Let's assume that a given knot or link has a type A with probability p (p is equal 100 if the deterministic method is used; when probabilistic links are detected, p corresponds to the most probable link type, called the leader). For each 10 representative configurations, the type of entanglement, denoted by A1, A2, ..., A10, is assigned to the first, second, ... and the tenth frame, with given probability p1, p2, .... p10, respectively. The type of entanglement and its probability before relaxation are denoted by A and p0, respectively. A1=A2 means that the type of entanglement is the same and |p1-p2|<=20. In the link matrix elements are colored based on the following rules:
- if A=A1=A2.....A10 = UNLINK - white color, this means that relaxation has not introduced changes and structure(s) are unlinked (and each component is unknotted)

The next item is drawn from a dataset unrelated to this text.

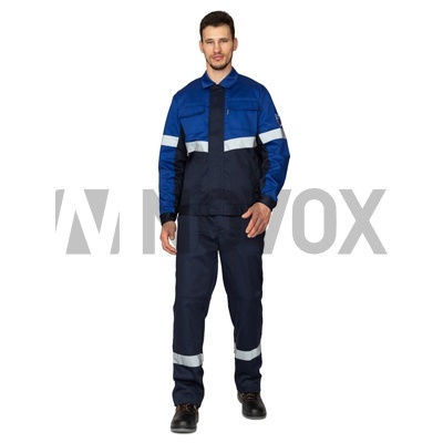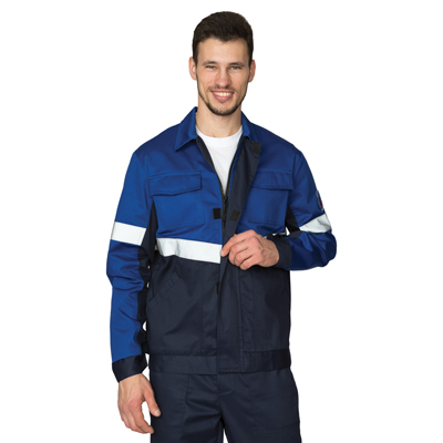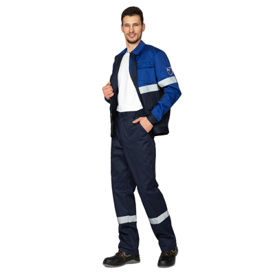 Костюм мужской «Вираж-Антистат М» — антистатический костюм в темно-синем оттенке с вставками цвета василек. Данная модель костюма предназначена для специалистов различных видов производства, где требуются защита от статического электричества: инженеры, строители, электромонтажники и другие специалисты. При его изготовлении используется высокопрочная ткань с металлизированной антистатической нитью. Материал с высоким содержанием хлопка (80%) обеспечит комфорт в работе. Специальное покрытие НМВО гарантирует устойчивость к различным видам загрязнения (нефти, масел). Спецодежда сохраняет форму и специальные свойства на протяжении долгого срока. Комплект состоит из укороченной куртки и брюк. Куртка с отложным воротником, которая застегивается спереди на молнию и имеет ветрозащитную планку. Брюки прямого кроя.

- if A=A1=A1....A10 != UNLINK - blue color, this means that relaxation has not introduced changes and structure(s) are linked
- if A!=UNLINK, A1=A2....A10=UNLINK - orange color, this means that the structure(s) untied
- if A!=A1 or A!=A2 or ... , A!=A10 - red color, this means that entanglement has changed during equilibration at least once into a different type than UNLINK
In the case of GLN matrices (whGLN and max|GLN|), let’s assume that a given whGLN has value g. For each 10 representative configurations, the value of whGLN, denoted by g1, g2, ..., g10, is assigned respectively to the first, second, ... and the last frame. The magnitude of entanglement before relaxation is denoted by g. The case when g1!=g2 means that the type of entanglement has change when |g1-g2|>0.1. In the link matrix elements are coloured based on the following rules:
- if g1 and g2 and ..... , g10 have not changed with respect to g, and |g|, |g1|, |g2|, ...|g10|<0.6 — white colour; this means that relaxation has not introduced changes and structure(s) are probability unlinked
- if g1 and g2 and .... , g10 have not changed with respect to g, and |g0|, |g1|, |g2|, ...|g10|>=0.6 — blue colour, this means that relaxation has not introduced changes and structure(s) are probably linked
- if g1 and g2 and .... , g10 have changed with respect to g and |g0|>0.6 but |g1|, |g2|, ...|g10|<0.6 — orange color, this means that the structure(s) probably unlinked
- if g1 or g2 or .... , g10 have changed and |g0|>=0.6 but |g1| or |g2| or |g10|<0.6 — red color, this means that entanglement has changed during equilibration to a different type

[1] Hess, B., Kutzner, C., Van Der Spoel, D., & Lindahl, E. (2008). GROMACS 4: algorithms for highly efficient, load-balanced, and scalable molecular simulation. Journal of chemical theory and computation, 4(3), 435-447.
[2] Stevens, T.J.; Lando, D.; Basu, S.; Atkinson, L.P.; Cao, Y.; Lee, S.F.; Leeb, M.; Wohlfahrt, K.J.; Boucher, W.; O'Shaughnessy-Kirwan, A.; et al. 3D structures of individual mammalian genomes studied by single-cell Hi-C. Nature 2017, 544, 59—64.
[3] Siebert, J. T., Kivel, A. N., Atkinson, L. P., Stevens, T. J., Laue, E. D., & Virnau, P. (2017). Are There Knots in Chromosomes?. Polymers, 9(8), 317.